Task: Quote the material below exactly as written, from the first line to the line that holds "low heat. ![]() |", endpoints included.

Available data:

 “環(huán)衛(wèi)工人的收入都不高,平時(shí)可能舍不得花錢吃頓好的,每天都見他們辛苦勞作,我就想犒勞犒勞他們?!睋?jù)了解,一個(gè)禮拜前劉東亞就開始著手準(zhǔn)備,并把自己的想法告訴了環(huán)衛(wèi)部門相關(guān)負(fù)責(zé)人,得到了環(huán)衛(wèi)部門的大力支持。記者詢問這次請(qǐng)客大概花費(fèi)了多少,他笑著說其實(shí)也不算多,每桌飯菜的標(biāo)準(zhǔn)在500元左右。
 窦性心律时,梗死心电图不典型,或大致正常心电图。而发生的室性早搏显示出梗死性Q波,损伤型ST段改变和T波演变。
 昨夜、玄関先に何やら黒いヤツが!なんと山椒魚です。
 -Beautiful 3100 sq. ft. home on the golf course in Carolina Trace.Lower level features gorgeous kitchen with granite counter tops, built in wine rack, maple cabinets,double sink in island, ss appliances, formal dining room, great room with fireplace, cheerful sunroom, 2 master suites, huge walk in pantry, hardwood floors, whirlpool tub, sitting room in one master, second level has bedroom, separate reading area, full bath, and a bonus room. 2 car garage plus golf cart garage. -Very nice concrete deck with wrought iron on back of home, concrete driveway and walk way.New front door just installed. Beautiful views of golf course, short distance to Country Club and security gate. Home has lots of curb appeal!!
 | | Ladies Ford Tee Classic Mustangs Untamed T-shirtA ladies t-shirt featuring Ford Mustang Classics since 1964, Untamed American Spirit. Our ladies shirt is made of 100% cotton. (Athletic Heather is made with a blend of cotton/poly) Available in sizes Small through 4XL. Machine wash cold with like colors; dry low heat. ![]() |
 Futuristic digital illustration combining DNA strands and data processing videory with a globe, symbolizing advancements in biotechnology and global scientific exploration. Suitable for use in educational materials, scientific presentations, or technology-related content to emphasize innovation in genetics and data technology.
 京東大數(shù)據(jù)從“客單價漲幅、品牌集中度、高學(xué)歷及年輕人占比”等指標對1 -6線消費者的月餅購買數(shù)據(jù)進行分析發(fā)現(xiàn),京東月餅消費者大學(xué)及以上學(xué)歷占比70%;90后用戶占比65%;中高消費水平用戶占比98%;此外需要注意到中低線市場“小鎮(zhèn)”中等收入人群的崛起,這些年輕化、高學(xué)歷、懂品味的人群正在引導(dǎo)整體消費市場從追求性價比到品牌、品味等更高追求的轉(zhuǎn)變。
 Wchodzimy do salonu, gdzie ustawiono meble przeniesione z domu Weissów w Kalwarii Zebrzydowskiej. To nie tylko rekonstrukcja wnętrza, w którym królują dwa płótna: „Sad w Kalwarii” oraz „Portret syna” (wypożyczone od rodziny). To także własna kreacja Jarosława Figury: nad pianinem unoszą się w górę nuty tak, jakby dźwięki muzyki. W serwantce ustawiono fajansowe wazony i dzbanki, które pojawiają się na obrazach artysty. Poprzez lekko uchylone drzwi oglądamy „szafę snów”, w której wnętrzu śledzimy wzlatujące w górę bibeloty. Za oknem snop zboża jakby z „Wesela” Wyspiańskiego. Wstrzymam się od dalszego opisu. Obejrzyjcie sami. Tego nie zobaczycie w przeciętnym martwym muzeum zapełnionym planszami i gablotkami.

Reply to the exercise:
 “環(huán)衛(wèi)工人的收入都不高,平時(shí)可能舍不得花錢吃頓好的,每天都見他們辛苦勞作,我就想犒勞犒勞他們?!睋?jù)了解,一個(gè)禮拜前劉東亞就開始著手準(zhǔn)備,并把自己的想法告訴了環(huán)衛(wèi)部門相關(guān)負(fù)責(zé)人,得到了環(huán)衛(wèi)部門的大力支持。記者詢問這次請(qǐng)客大概花費(fèi)了多少,他笑著說其實(shí)也不算多,每桌飯菜的標(biāo)準(zhǔn)在500元左右。
 窦性心律时,梗死心电图不典型,或大致正常心电图。而发生的室性早搏显示出梗死性Q波,损伤型ST段改变和T波演变。
 昨夜、玄関先に何やら黒いヤツが!なんと山椒魚です。
 -Beautiful 3100 sq. ft. home on the golf course in Carolina Trace.Lower level features gorgeous kitchen with granite counter tops, built in wine rack, maple cabinets,double sink in island, ss appliances, formal dining room, great room with fireplace, cheerful sunroom, 2 master suites, huge walk in pantry, hardwood floors, whirlpool tub, sitting room in one master, second level has bedroom, separate reading area, full bath, and a bonus room. 2 car garage plus golf cart garage. -Very nice concrete deck with wrought iron on back of home, concrete driveway and walk way.New front door just installed. Beautiful views of golf course, short distance to Country Club and security gate. Home has lots of curb appeal!!
 | | Ladies Ford Tee Classic Mustangs Untamed T-shirtA ladies t-shirt featuring Ford Mustang Classics since 1964, Untamed American Spirit. Our ladies shirt is made of 100% cotton. (Athletic Heather is made with a blend of cotton/poly) Available in sizes Small through 4XL. Machine wash cold with like colors; dry low heat. ![]() |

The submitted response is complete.